Heid does report Rader’s statement saying that the sample size is too small to make any conclusions and that the results are only apparent when averages are taken, but Heid seems to innocuously slip in this important fact and focuses more on including over exaggerations of previous studies or completely unrelated studies regarding e-cigarette use. Heid makes sure to reference previous survey-based analysis that could show a (very) weak correlation between e-cigarette use and stroke or heart attack. Heid does not mention the possibility that these weak correlations could be because many users of e-cigarettes are former smokers and could have increased risk of health problems form their previous years of smoking. Heid also feels the need to include a seemingly unrelated account of an isolated case of a teenager having an allergic reaction to an e-cigarette and the two paragraphs on the subject in the article were clearly aimed at enticing fear towards e-cigarettes.

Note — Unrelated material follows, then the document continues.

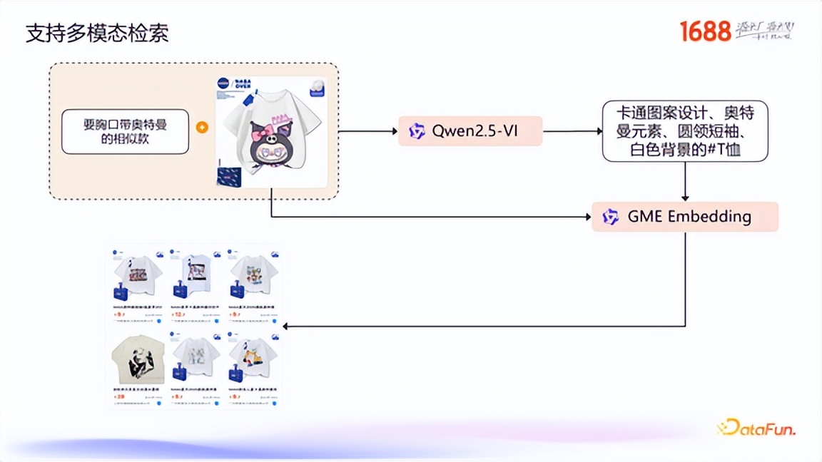 2.0 版本最大的亮点之一是支持了多模态检索。例如,用户可以上传一张带有库洛米图案的T恤图片,同时输入文本“要胸口带奥特曼的相似款”。系统需要精准理解这个复合需求:保留参考图的款式、版型、颜色等特征,但将核心图案元素替换为“奥特曼”。

At the end of the article, there was almost a glimpse of hope as Heid mentions the CDC’s evidence that the “Vaping Crisis” could be caused by vitamin E acetate in illegal, black market THC (active ingredient in marijuana) pod vaping devices. This claim seems to be effortlessly brushed off though and Heid ends the article with his claim of “all the evidence is piling up” against e-cigarettes. The author seems to have missed the report from the CDC that was released on November 8th that states that 100% of the “Vaping Crisis” victim’s lung fluid samples tested positive for vitamin E acetate while the control group tested at 0%. Heid also seems to have left out any one of the numerous United Kingdom-based research articles and experts who have, for many years now, been stating the opposite of what United States-based researchers have been claiming on the dangers of e-cigarettes. Many health professionals in the UK see e-cigarettes as a less harmful alternative to traditional cigarettes and Public Health England (PHE) still stands by their claim that “vaping is 95% less harmful than tobacco”.